We would like to group the data into different time periods to study the large historical data. The most convenient way to do this is to refer to decades such as 1980s, 1990s etc. NASA calculates the temperature anomalies, as differed from the base period of 1951-1980. Thus, we create a new data frame called comparison that groups data in 5 time periods: 1881-1920, 1921-1950, 1951-1980, 1981-2010 and 2011-present.
We remove the data before 1800 and use mutate function to create a new variable intervals which contains information on which period each observation belongs to. We used case_when() to assign different periods.
comparison <- tidyweather %>%
filter(Year>= 1881) %>%
mutate(interval = case_when(
Year %in% c(1881:1920) ~ "1881-1920",
Year %in% c(1921:1950) ~ "1921-1950",
Year %in% c(1951:1980) ~ "1951-1980",
Year %in% c(1981:2010) ~ "1981-2010",
TRUE ~ "2011-present"
))
Now that we have the interval variable, we can create a density plot to study the distribution of monthly deviations (delta), grouped by the different time periods we are interested in. Set fill to interval to group and colour the data by different time periods.

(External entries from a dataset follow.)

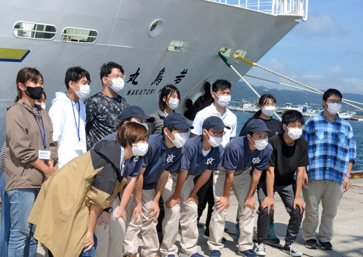参加するのは同大環境、経営両学部の1、2年生10人と同高海洋科の3年生4人。3日間洋上で過ごし、高校生は同大環境学部の太田太郎准教授(水産資源生物学)から実践的な海洋調査手法などを学び、大学生も高校生から船舶に関する専門知識に触れる。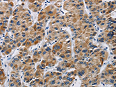 The image on the left is immunohistochemistry of paraffin-embedded Human liver cancer tissue using CSB-PA149561(IFNGR2 Antibody) at dilution 1/40, on the right is treated with synthetic peptide. (Original magnification: ×200)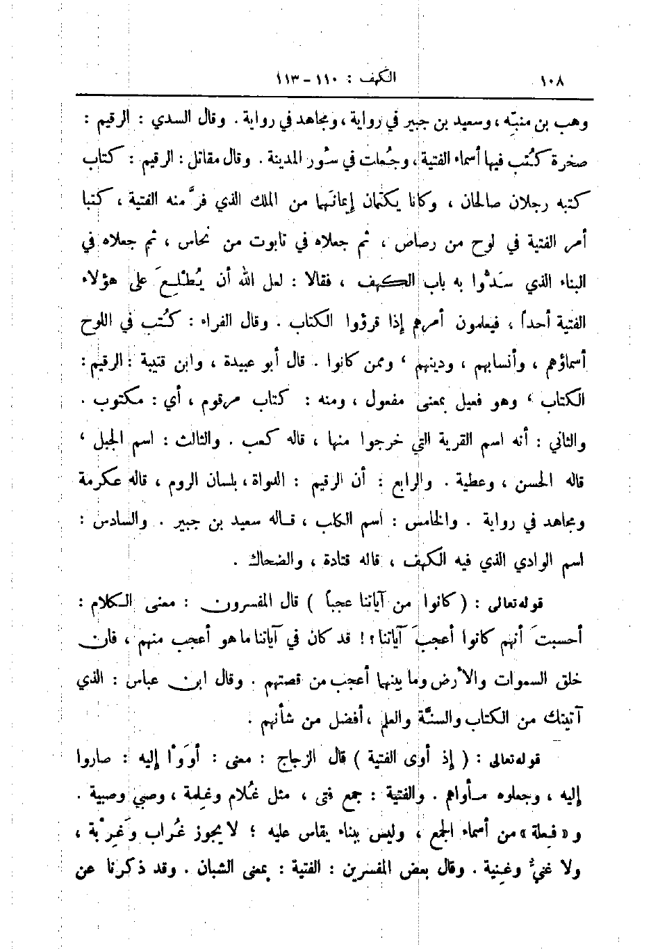 وهب بن منبه وسعيد بن جبير في رواية ومجاهد في رواية وقال السدي الرقيم صخرة كتب فيها اسماء الفتية وجعلت في سور المدينة وقال مقاتل الرقيم كتاب كتبه رجلان صالحان وكانا يكتمان إيمانهما من الملك الذي فر منه الفتية كتبا أمر الفتية في لوح من رصاص ثم جعلاه في تابوت من نحاس ثم جعلاه في البناء الذي سدوا به باب الكهف فقالا لعل الله أن يطلع على هؤلاء الفتية احدا فيعلمون أمرهم إذا قرؤوا الكتاب وقال الفراء كتب في اللوح اسماؤهم وانسابهم ودينهم وممن كانوا قال ابو عبيدة وابن قتيبة الرقيم الكتاب وهو فعيل بمعنى مفعول ومنه كتاب مرقوم أي مكتوب والثاني أنه اسم القرية ألتي خرجوا منها قاله كعب والثالث اسم الجبل قاله الحسن وعطية والرابع ان الرقيم الدواة بلسان الروم قاله عكرمة ومجاهد في رواية والخامس اسم الكلب قاله سعيد بن جبير والسادس اسم الوادي الذي فيه الكهف قاله قتادة والضحاك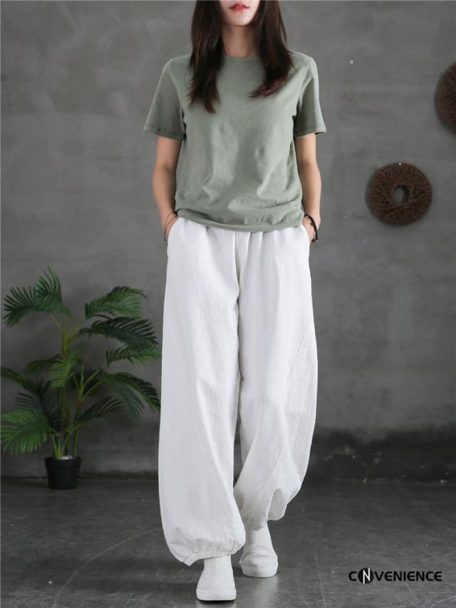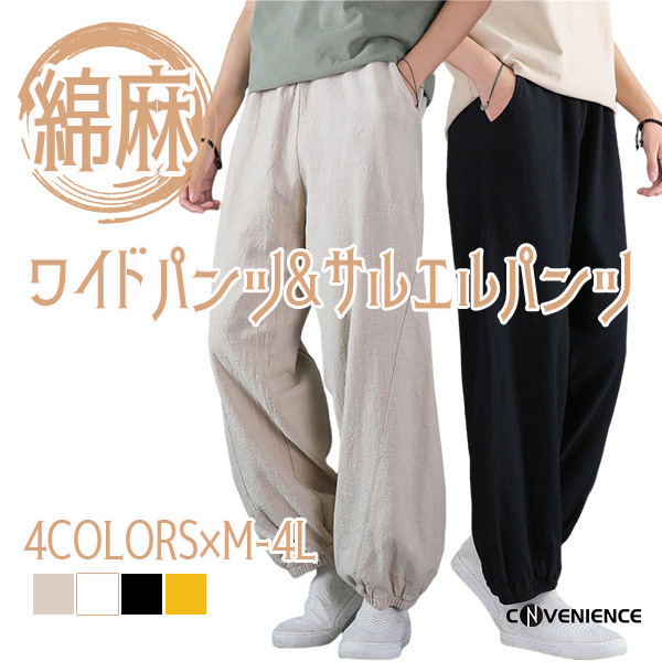 ワイドパンツ レディース 大きいサイズ 夏 サルエルパンツ ロングパンツ テーパード 薄手 リネン 綿麻 サマー ウエストゴム ハイウエスト 美脚 涼しい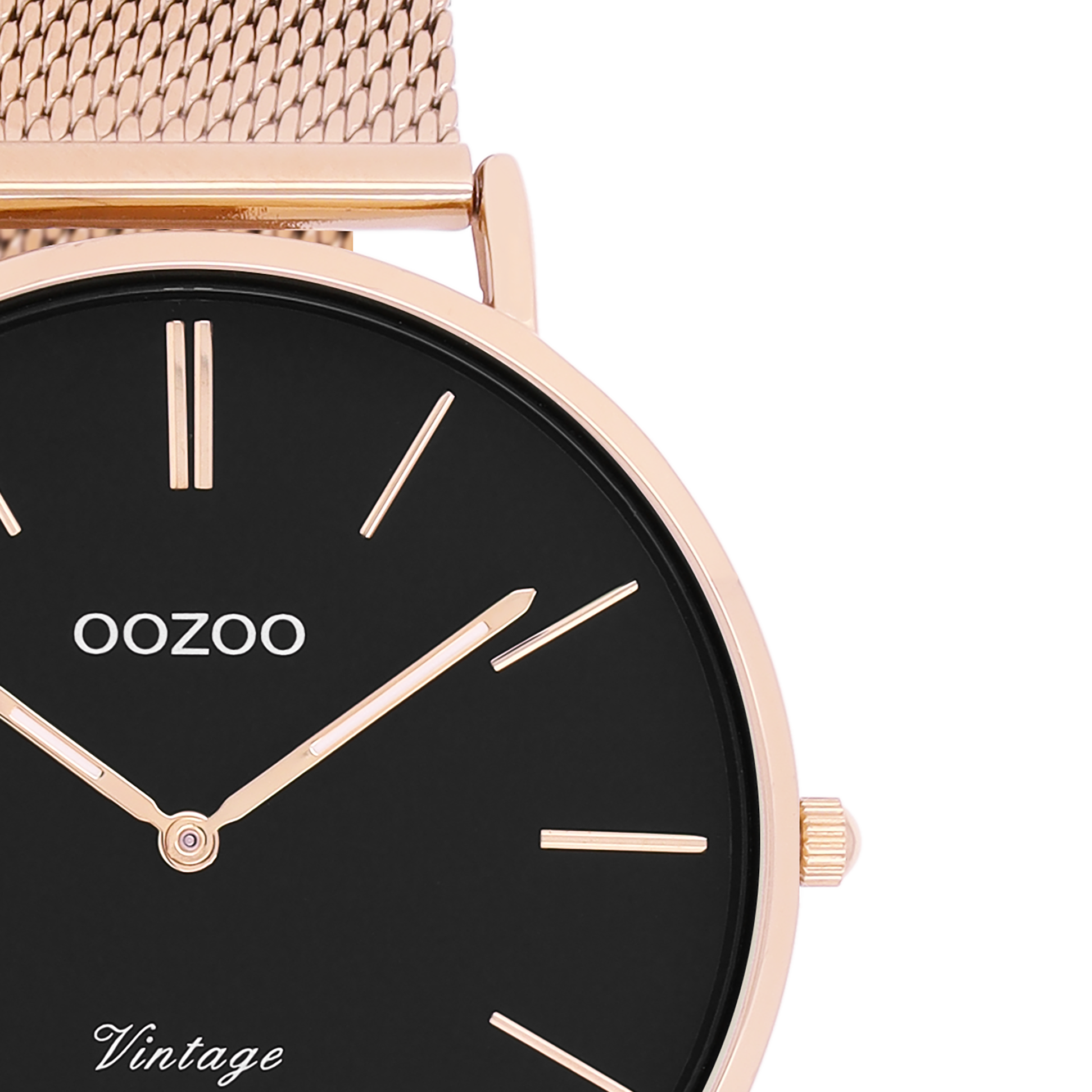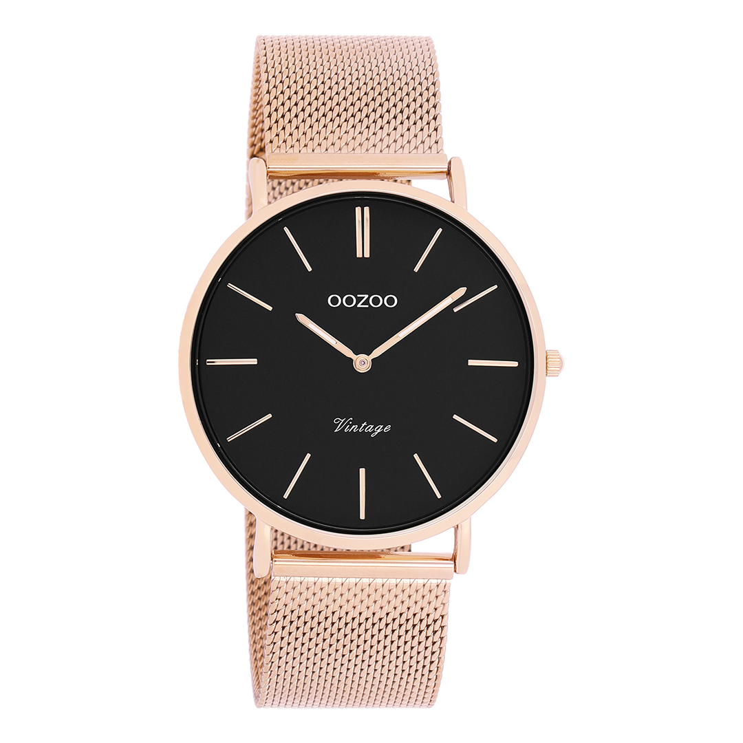 Sophistication and elegance are two elements of our beautiful OOZOO Vintage Classics. This classic round design with a contemporary twist is something for everyone. This unisex watch is the perfect combination of comfort and fashion with its 40 mm rose coloured metal watch case and black dial. The rose coloured metal mesh bracelet makes this watch an all-time classic which you can wear with every occasion. The dial has rose coloured stripes digits and matching hands. The C9925 is a must have for your every-wear. The mineral glass lays in a 6,9 mm slim metal watch case with IP-plating. This design has a stainless steel backplate and is nickel safe. This watch has a 2ATM Japanese movement and is covered by a 2 year warranty (see section 3 of our Refund, shipping & warranty policy).

ggplot(comparison, aes(x=delta, fill=interval))+
geom_density(alpha=0.2) +
theme_bw() +
labs (
title = "Delta gets more positive over the decades",
subtitle = "Density Plot for Monthly Deltas (Temparature Anomalies)",
y = "Density" ,
x= "Delta"
)

So far, we have been working with monthly anomalies. However, we might be interested in average annual anomalies. We can do this by using group_by() and summarise(), followed by a scatter plot to display the result.

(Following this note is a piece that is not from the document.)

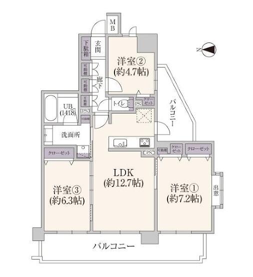 | 専有面積 | 68.88m²(20.84坪) | バルコニー面積 | 18.39m²(5.56坪) |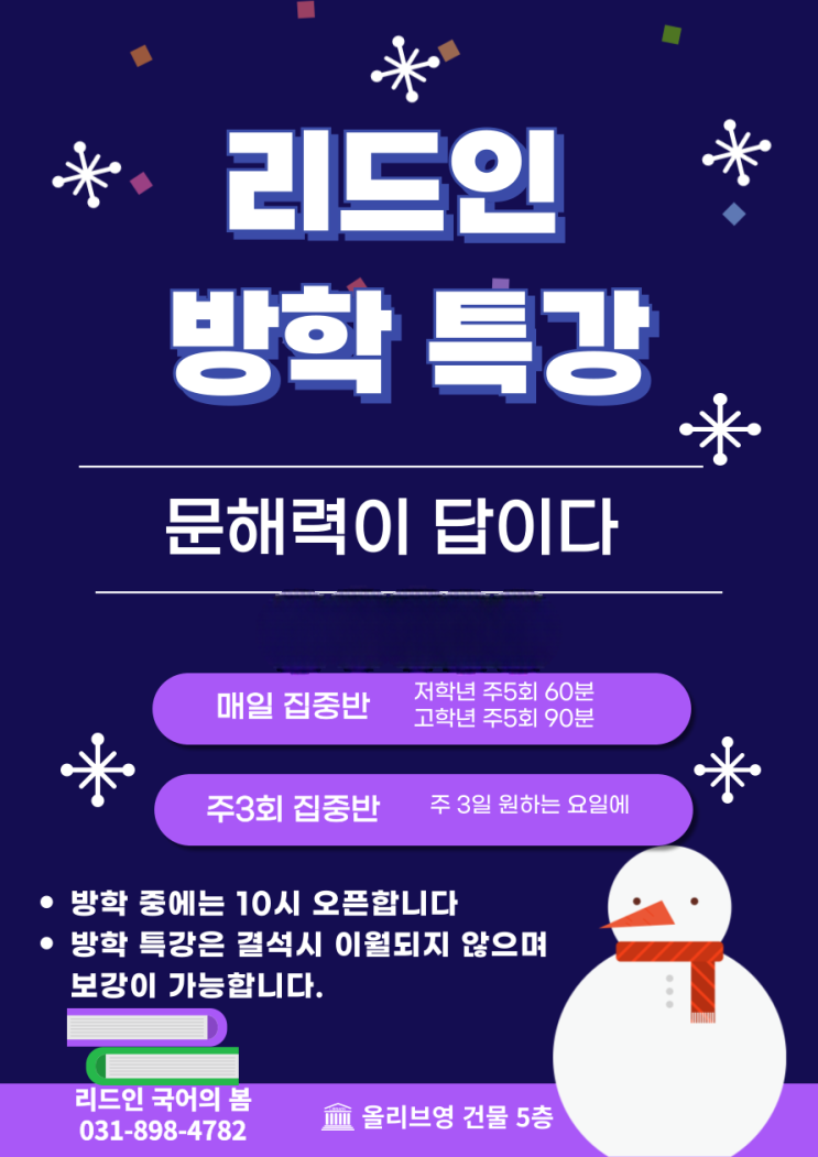 긴긴 겨울 방학이 시작됩니다. 방학은 우리 아이들이 한 단계 성장할 수 있는 정말 귀한 시간입니다. 방학동안 집에서 잘 먹고 잘 쉰 아이들은 키가 한 뼘씩 자라겠구요. 방학동안 학원에서 하루를 보낸 아이들은 학습능력이 한 단계 레벨업 되겠지요. 그런데 어머님 가장 중요한 건 독서입니다. 읽을 수 있어야 수학도 이해하고 과학도 이해하고 영어도 잘합니다. 독서를 통해 배경지식도 쌓고 자기만의 생각을 갖는 판단력을 키워야 문제해결력이 길러집니다. 방학동안 책 읽기 시키세요. 리드인에서요. 문의전화 : 010-4232-2121 <img src="https://blogthumb.pstatic.net/MjAyNTEyMDFfMTYg/MDAxNzY0NTcxMTkyNjYz.PWaSTBncCezP4T0yamXKxfja6Oq-FHbQpLQQkd_WweMg.5n0F4Jj-vQOThQ3OKKpbsJZDQHqdA28Sukn01KzQzMUg.PNG/2025%B8%AE%B5%E5%C0%CE-%B9%E6%C7%D0%C6%AF%B0%AD.png?type=s3" />

avg_annual_anomaly <- tidyweather %>%
group_by(Year) %>%
# creating summaries for mean delta
summarise(annual_avg_delta = mean(delta, na.rm=TRUE))
ggplot(avg_annual_anomaly, aes(x=Year, y= annual_avg_delta))+
geom_point()+
geom_smooth() +
theme_bw() +
labs (
title="Average yearly anomaly has been increasing exponentially since the 1960s",
subtitle = "Average Yearly Temparature Anomaly (Delta)",
y = "Average Annual Delta"
)

Confidence Interval for delta
NASA points out on their website that
A one-degree global change is significant because it takes a vast amount of heat to warm all the oceans, atmosphere, and land by that much. In the past, a one- to two-degree drop was all it took to plunge the Earth into the Little Ice Age. Now, we construct a 95% confidence interval for our data.

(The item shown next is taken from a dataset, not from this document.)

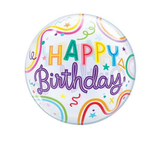 Happy Birthday Swiggle Lines & Stars Bubble Balloon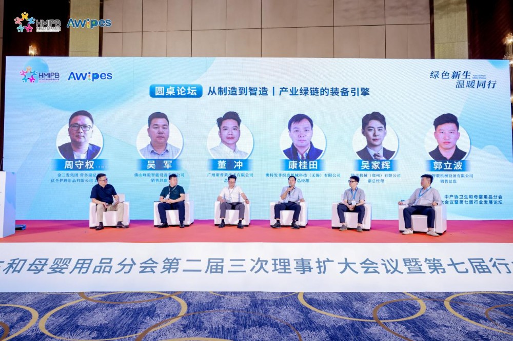 Zhou Shouquan, executive vice president of Jinsanfa Group and general manager of Youquan Care Products Co., Ltd., presided over the theme discussion of "From Manufacturing to Intelligent Manufacturing丨Equipment Engine of the Industrial Green Chain". Kang Guitian, General Manager of Autofa Nonwovens Machinery Technology (Wuxi) Co., Ltd., Dong Chong, General Manager of Guangzhou Spley Technology Co., Ltd., Guo Libo, Sales Director of Zhengzhou Zhilian Machinery and Equipment Co., Ltd., Wu Jun, Sales Director of Foshan Fengyi Intelligent Equipment Co., Ltd., Wu Jiahui, Deputy General Manager of Lufeng Machinery (Zhengzhou) Co., Ltd., and other representatives in the field of special equipment in the hygiene and maternal and infant products industry shared the free switching technology of wet wipes, the whole line of soft towels, intelligent manufacturing and technical services, unmanned production lines, and low grammage, The latest developments in wide, fine and high-speed hot air production lines.

calculate_ci <- comparison %>%
filter(interval == "2011-present")%>%
summarise(mean_diff=mean(delta,na.rm = TRUE),
sd_diff=sd(delta, na.rm = TRUE),
count_diff=n(),
se_diff=sd_diff/sqrt(count_diff),
t_critical = qt(0.975, count_diff-1),
lower = mean_diff-t_critical*se_diff,
upper = mean_diff+t_critical*se_diff)
#print out formula_CI
calculate_ci
## # A tibble: 1 x 7
## mean_diff sd_diff count_diff se_diff t_critical lower upper
## <dbl> <dbl> <int> <dbl> <dbl> <dbl> <dbl>
## 1 0.966 0.262 108 0.0252 1.98 0.916 1.02
The 95% confidence interval for delta is 0.916-1.02.
Now, we use the bootstrap method to create a confidence interval.
# use the infer package to construct a 95% CI for delta
library(infer)
set.seed(1234)
data_infer <- comparison %>%
filter(interval == "2011-present")%>%
specify(response = delta)%>%
generate(reps = 1000, type="bootstrap")%>%
calculate(stat="mean")
percentile_ci <- data_infer %>%
get_confidence_interval(level=0.95, type="percentile")
percentile_ci
## # A tibble: 1 x 2
## lower_ci upper_ci
## <dbl> <dbl>
## 1 0.917 1.02
We have created two confidence intervals using two methods, one using our dataset and the other via bootstrapping for mean delta. The bootstrap method generates 1000 samples with replacement and approximates the distribution to estimate sample variability. The data shows us (for both methods, with the formula as well as with the infer package) that we can be 95% sure that the real mean of the population of temperature differences lies between 0.917 and 1.02.